Arkansas, the Old South’s last frontier, was forced, after the election of Lincoln, to face the issue of secession. A decade earlier, the state had spurned all efforts from within to withdraw from the Union, but the following ten years drew Arkansas deeper into the economic and cultural community that bound it to the other slaveholding states. Now rumblings of secession were heard even before the president-elect assumed office on March 4, 1861. The question was asked on street corners, in offices, barbershops and living rooms: Would Arkansas leave the Union?

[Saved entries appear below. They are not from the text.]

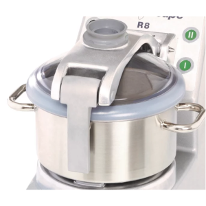 Ce Cutter de cuisine Robot Coupe R 8 possède une capacité de hachage de 3 kg et peut émulsionner jusqu'à 5 kg de préparation. Côté pétrissage, il vous autorisera le pétrissage de pâte levée hydratée à 60% jusqu'à 4 kg. Enfin sa puissance autorisera le broyage de vos préparations jusqu'à 2 kg.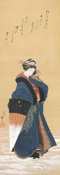作品は戦前に重要美術品にも指定された「雪中美人図」。 縦 1 メートル近い画面に、雪降るなか吉原の花魁とみられる女性がたたずむ姿を描いている。 鮮やかな青が印象的で、文化・文政期の 1813 - 19 年の北斎円熟期の秀作とされる。 当初の落札予想額は 4 千 ‐ 6 千万円だった。 慶応大の内藤正人教授(日本美術史)は「『北斎』の後、『戴斗(たいと)』を名乗った時期で、妖艶きわまりない代表作の一つ。 重要文化財クラスの名品ではないか。」と話している。 (編集委員・大西若人、asahi = 11-10-25)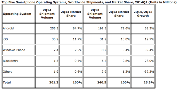Again, look at the data. No one matches up with Google (GOOGL 0.07%)(GOOG +0.00%) in this market. Android vs. Windows, iOS, BlackBerry ... they're all losing share, and in Q2, only Apple shipped more devices year-over-year: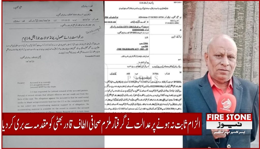 شیخوپورہ(بیوروچیف/شیخ محمد طیب سے) تھانہ سٹی اے ڈویژن شیخوپورہ میں درج مقدمہ نمبر 4073/25 بجرم 124-A، 504 ت۔پ اور ٹیلی گراف ایکٹ 29 میں گرفتار ملزم مقامی صحافی الطاف قادر بھٹی کے خلاف الزامات ثابت نہ ہونے پر فاضل ڈیوٹی جوڈیشل مجسٹریٹ سیکشن 30 شیخوپورہ سیدہ ماہ پارہ وجاہت نے مقدمہ ڈسچارج کرنے کا حکم دے دیا۔ تفصیلات کے مطابق ASI محمد مشتاق نے رپورٹ درج کروائی تھی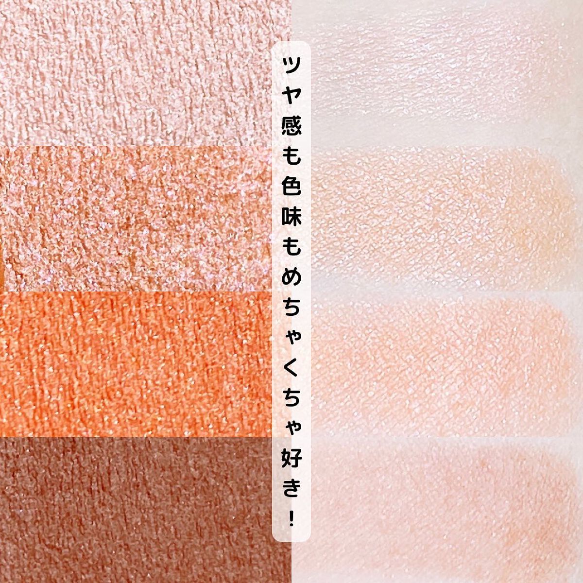 こんなに高クオリティで良いの?と疑ってしまうほどキャンメイクのアイシャドウの中ではダントツで粉質が良いなと感じます😌😌色展開も豊富でどれも可愛い🍊 明るくクリアな色味でラメ・パールの輝きが美しいです👏🏻 程よいサイズのラメやパールがキラキラ〜チラチラ〜と輝いているのが可愛すぎる🥲🧡💛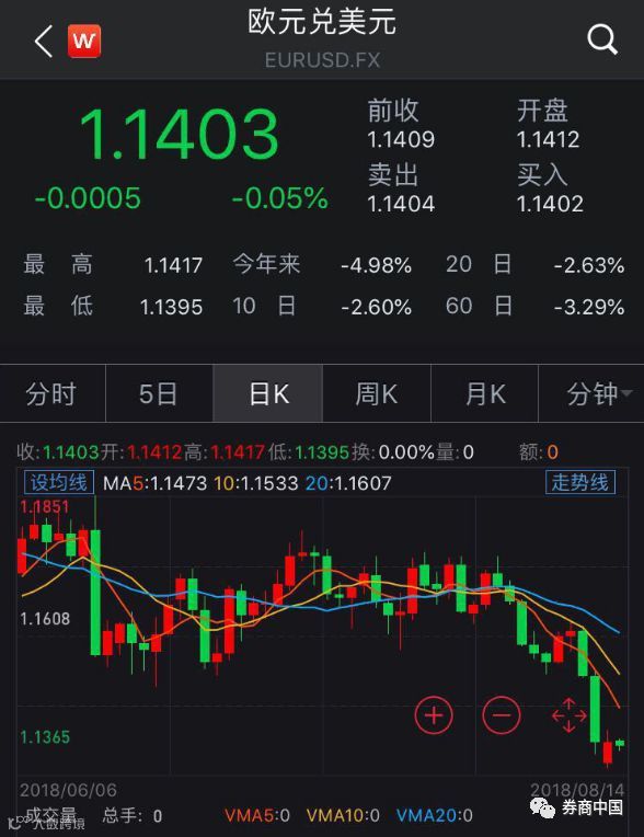 在将近三个月时间里,欧元兑美元一直在1.15至1.18美元的窄幅区间内运行,但随着里拉加速下跌,欧元兑美元汇率已经跌破这一区间,下探一年多低点1.139。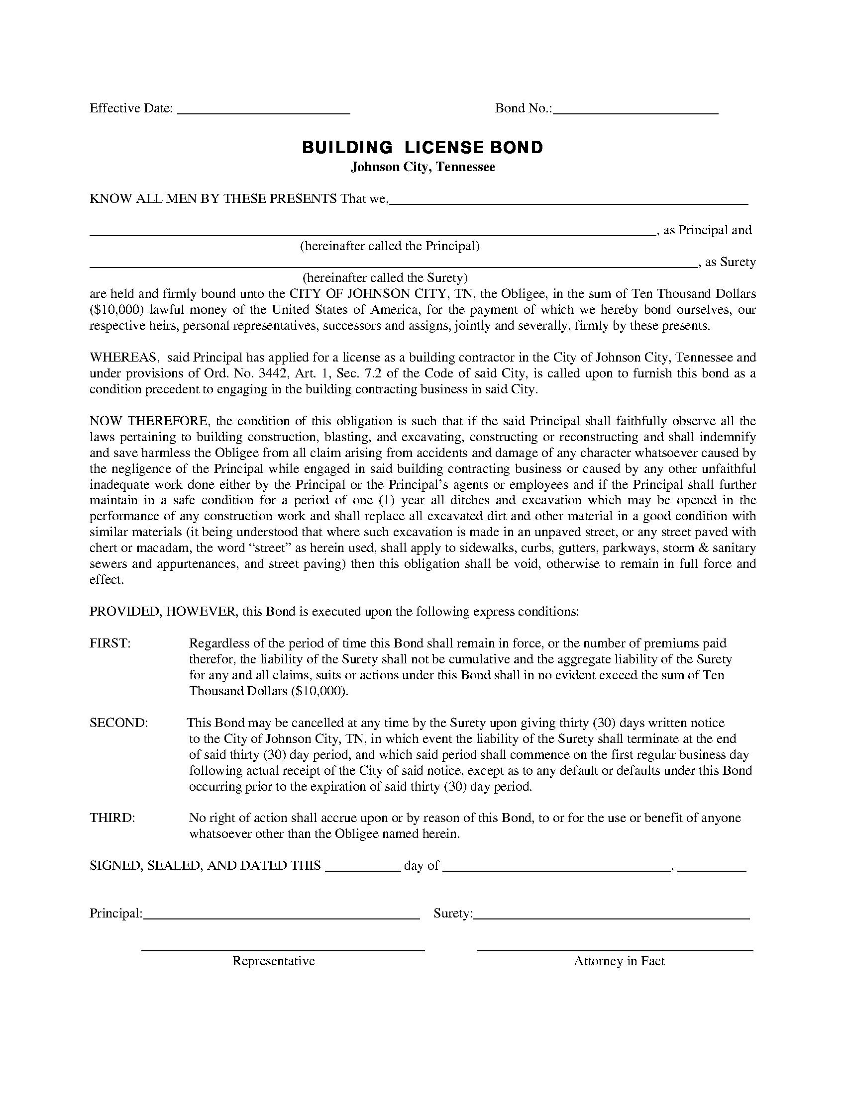 The Tennessee City of Johnson City Building License Bond starts at $100 plus shipping costs and fees. Fill out the form to buy your bond instantly!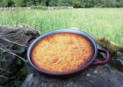En El Andral elaboramos diariamente nuestras quesadas pasiegas con leche de vaca recién ordeñada procedente de nuestra propia granja ecológica. El proceso de elaboración de la quesada consiste en cuajar la leche y mezclarla con el resto de ingredientes, la mantequilla, la harina, los huevos y el azúcar, además de la ralladura de limón y la canela que le aportarán su característico sabor, para posteriormente hornearla.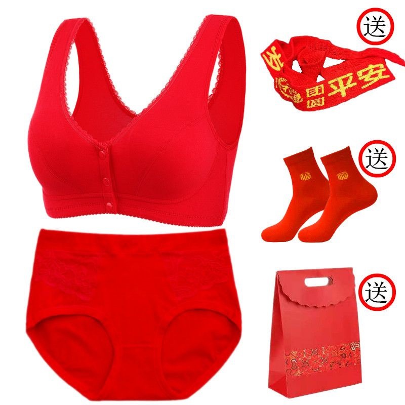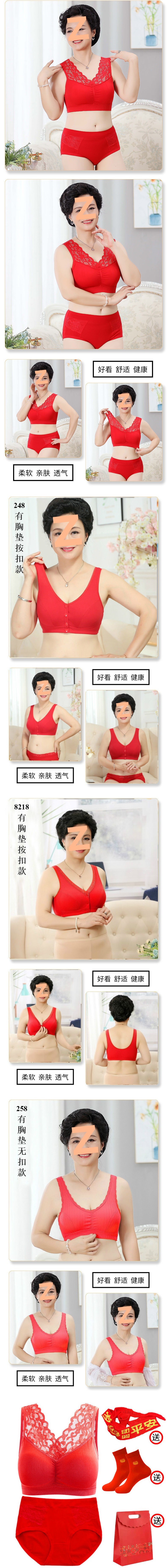 文胸薄款纯棉红色套装妈妈本命年内衣女无钢圈式士大大码背心直销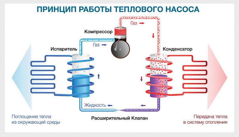 Тепловой насос: типыВыбрать тепловой насос можно из 4 видов. Рассмотрим их ниже.Самый популярный насос работает по принципу воздух-воздух. Это экономичный вариант, в котором подача тепла происходит сверху. В насосе есть компрессор, куда поступает теплый фреон. Тепловой насос воздух-вода больше подходит для теплого климата, их устанавливают в тандеме с традиционной системой отопления. Схемы грунт-вода применяют в надежно утепленных домах, тепловой насос берет энергию грунта для отопления. Насос работает благодаря тому, что земля на глубине 2+ метров в течение года держит одинаковую комфортную температуру, используется также для, кондиционирования, охлаждения дома, нагрева воды. Наименее распространен тепловой насос вода-вода. Для того, чтобы установить такой насос, придется провести сложные земельные работы, а сам геотермальный тепловой насос стоит дорого, поэтому большинство домовладельцев не готовы рисковать, устанавливая этот тепловой насос. Начальные и ежемесячные затратыТепловой насос надежного бренда стартует в стоимости от 50 тысяч гривен. Экономить на нем не стоит, так как это высокотехнологичное оборудование, регулярные поломки дешевого теплового насоса выльются в гораздо более круглую сумму в последствии.Для подсчета ежемесячных трат возьмем дом, площадь которого составляет 250 кв. м, а годовая теплопотеря — 39 МВт. Если отопительная система питается за счет электричества, можно пойти двумя путями — закупать электроэнергию по общему тарифу или оформить льготный тариф. Льготный предусматривает 3600 кВт•час по 0.9 грн. превысить лимит, тариф составляет 1.68 грн за кВт•час. За весь отопительный сезон понадобится 14444 кВт•час, что составит 13 тысяч гривен. По стандартному тарифу придется заплатить 24 тысячи 265 гривен. В комбинации с газовым котлом, тепловой насос обойдется еще в полтора раза дороже, чем оплата по стандартному тарифу. Преимущества и недостатки тепловых насосовСреди преимуществ теплового насоса выделим следующие.

Answers to that question caused a fundamental realignment of politics in Arkansas during the winter of 1860–61. The former political coalition of Democrat and Whig fell away in a geographical split between the uplands and the lowlands. In this important and exciting book, the first to tell the story of Arkansas’s road to secession, James Woods examines the differences between uplanders, whose mountain regions offered little useful farmland for any crop, and lowlanders, whose vast deltas were ideally suited for cotton farming. The southern portion of the state began to rely increasingly upon slavery as it became linked to the economy of cotton and Southern antebellum values, but the northern region of the state did not. Woods focuses upon the resulting social, economic, and geographic divisions that grew within Arkansas before and during the secession crisis. He captures the political struggles of the state as it tore away from the nation, and as it threatened, in so doing, to tear itself apart.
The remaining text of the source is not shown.